[[ DATA PROVIDED open ]]

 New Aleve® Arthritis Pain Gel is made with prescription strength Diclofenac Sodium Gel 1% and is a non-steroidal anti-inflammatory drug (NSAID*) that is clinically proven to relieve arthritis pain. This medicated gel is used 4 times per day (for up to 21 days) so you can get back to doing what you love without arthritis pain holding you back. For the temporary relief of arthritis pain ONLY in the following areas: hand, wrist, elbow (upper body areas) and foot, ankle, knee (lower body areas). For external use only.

[[ DATA PROVIDED closed ]]
[[ DATA PROVIDED open ]]

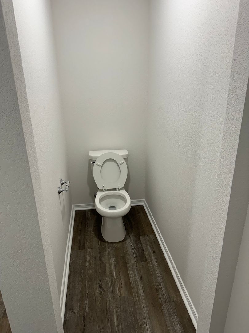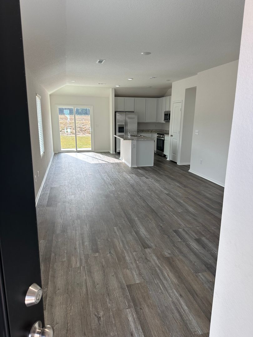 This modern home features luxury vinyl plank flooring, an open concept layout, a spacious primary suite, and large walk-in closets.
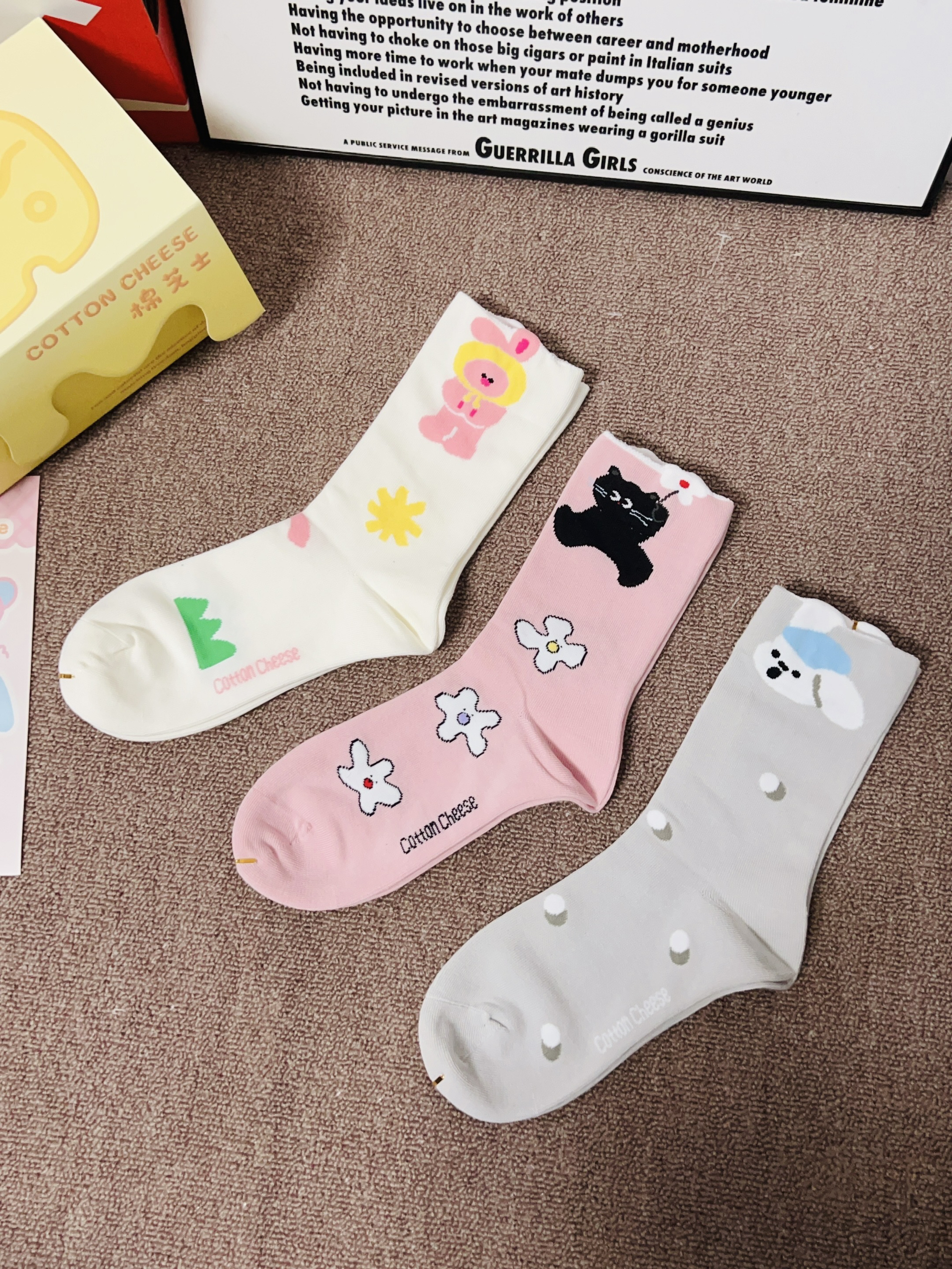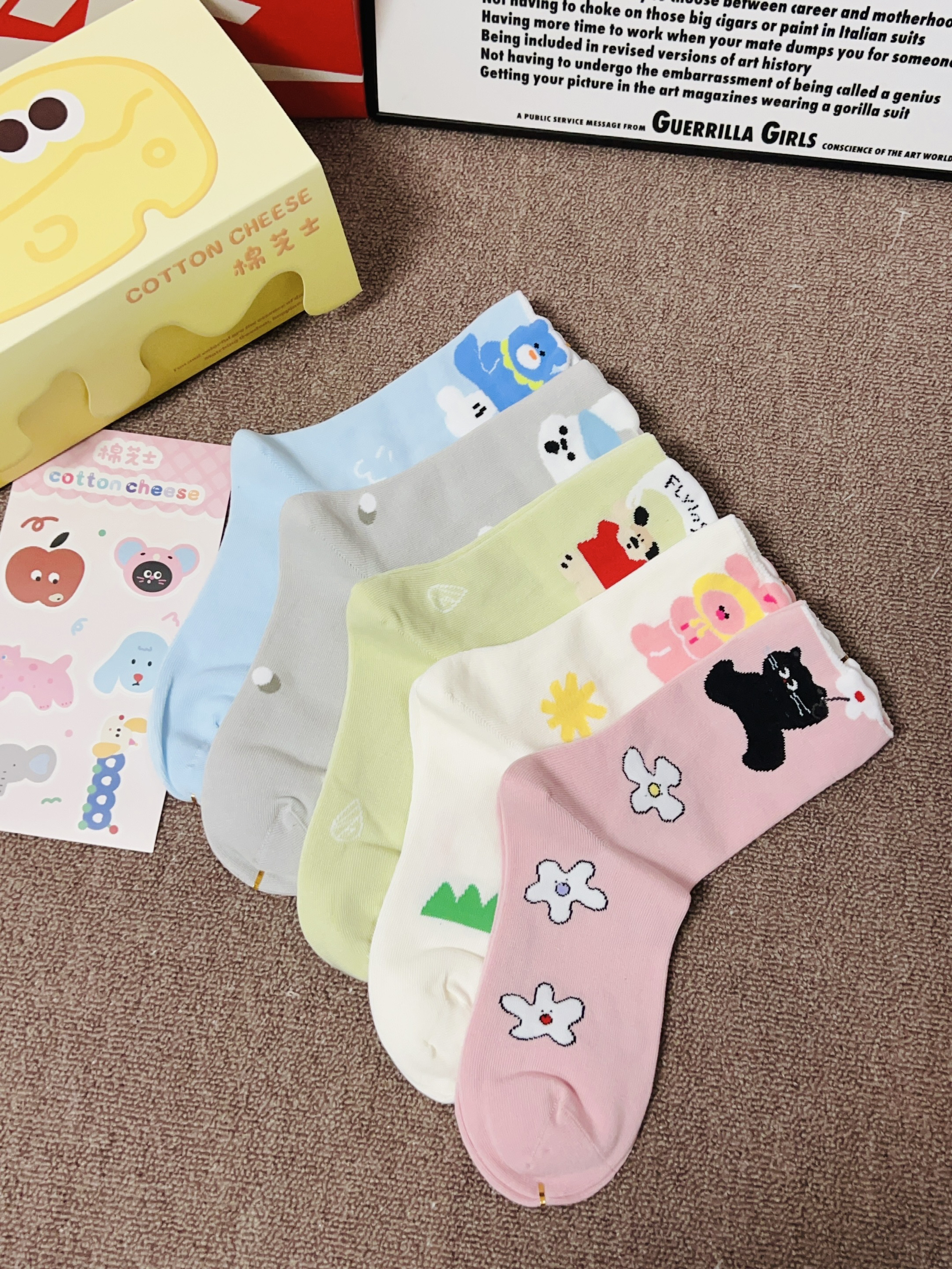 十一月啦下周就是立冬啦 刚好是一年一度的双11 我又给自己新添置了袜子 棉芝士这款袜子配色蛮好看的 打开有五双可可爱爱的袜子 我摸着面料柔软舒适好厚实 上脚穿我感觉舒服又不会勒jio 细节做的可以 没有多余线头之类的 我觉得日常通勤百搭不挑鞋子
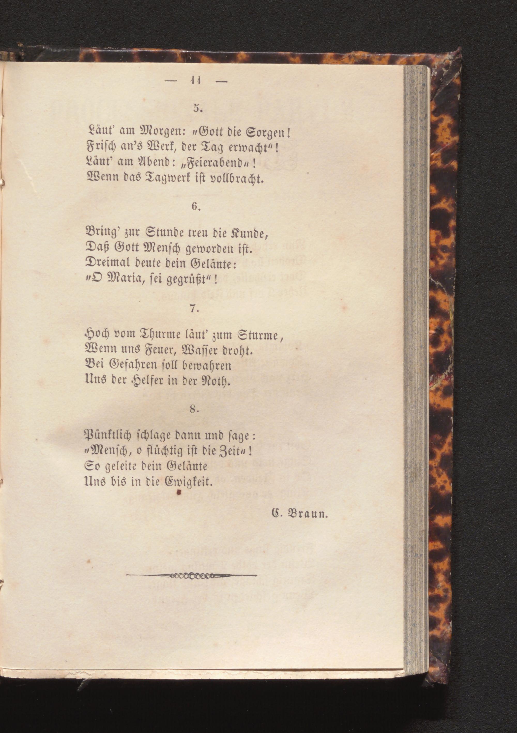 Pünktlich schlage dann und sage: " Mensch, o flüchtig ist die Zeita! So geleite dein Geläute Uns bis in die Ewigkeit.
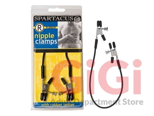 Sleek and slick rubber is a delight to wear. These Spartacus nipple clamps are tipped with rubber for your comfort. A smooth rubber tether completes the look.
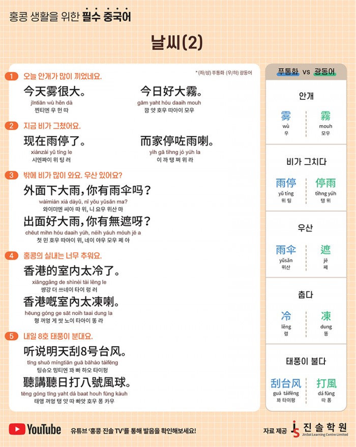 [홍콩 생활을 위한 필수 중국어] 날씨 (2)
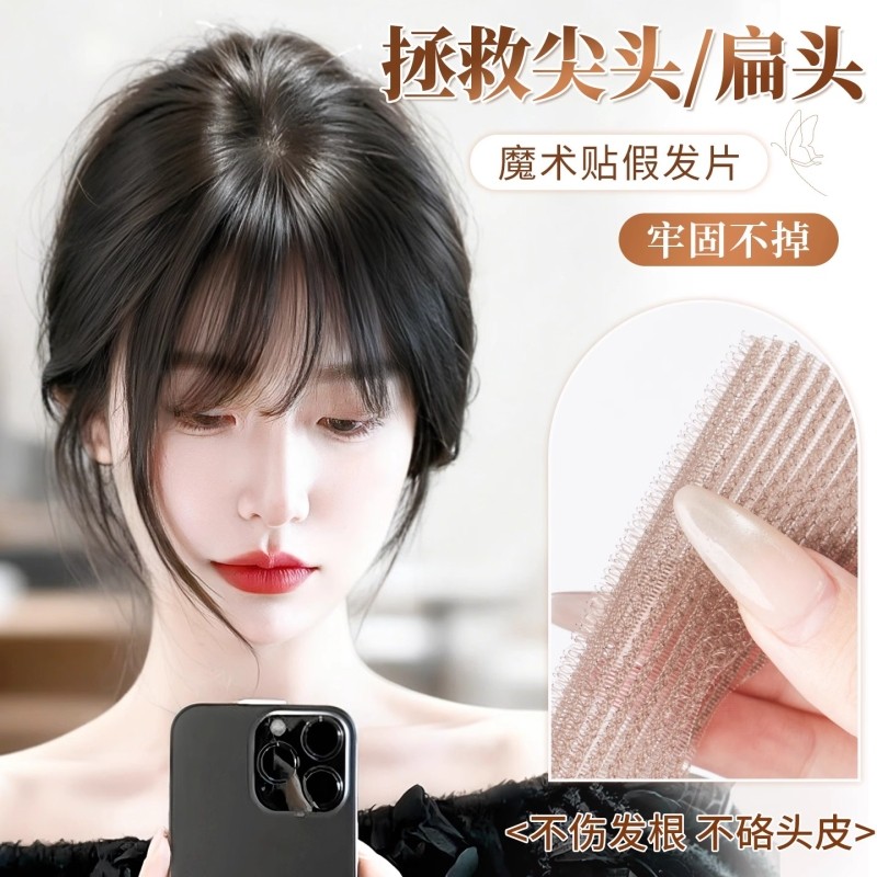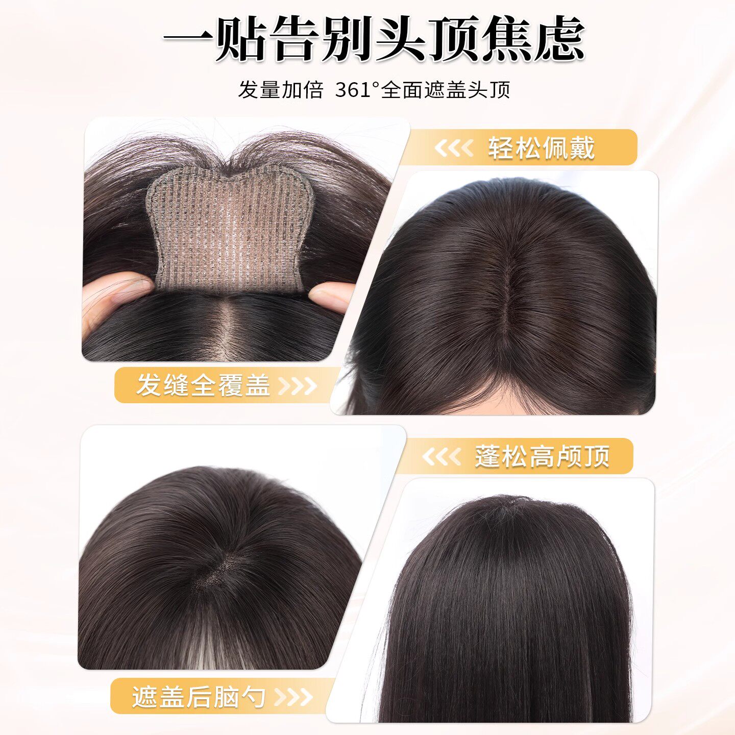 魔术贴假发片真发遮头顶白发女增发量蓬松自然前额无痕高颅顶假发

[[ DATA PROVIDED closed ]]

REQUIREMENT → Print exactly the lines above that run from the one with "This modern home" to the one with "魔术贴假发片真发遮头顶白发女增发量蓬松自然前额无痕高颅顶假发", both included. No pictures.

OUTPUT FOR THIS EXERCISE →
 This modern home features luxury vinyl plank flooring, an open concept layout, a spacious primary suite, and large walk-in closets.
 十一月啦下周就是立冬啦 刚好是一年一度的双11 我又给自己新添置了袜子 棉芝士这款袜子配色蛮好看的 打开有五双可可爱爱的袜子 我摸着面料柔软舒适好厚实 上脚穿我感觉舒服又不会勒jio 细节做的可以 没有多余线头之类的 我觉得日常通勤百搭不挑鞋子
 Pünktlich schlage dann und sage: " Mensch, o flüchtig ist die Zeita! So geleite dein Geläute Uns bis in die Ewigkeit.
 Sleek and slick rubber is a delight to wear. These Spartacus nipple clamps are tipped with rubber for your comfort. A smooth rubber tether completes the look.
 [홍콩 생활을 위한 필수 중국어] 날씨 (2)
 魔术贴假发片真发遮头顶白发女增发量蓬松自然前额无痕高颅顶假发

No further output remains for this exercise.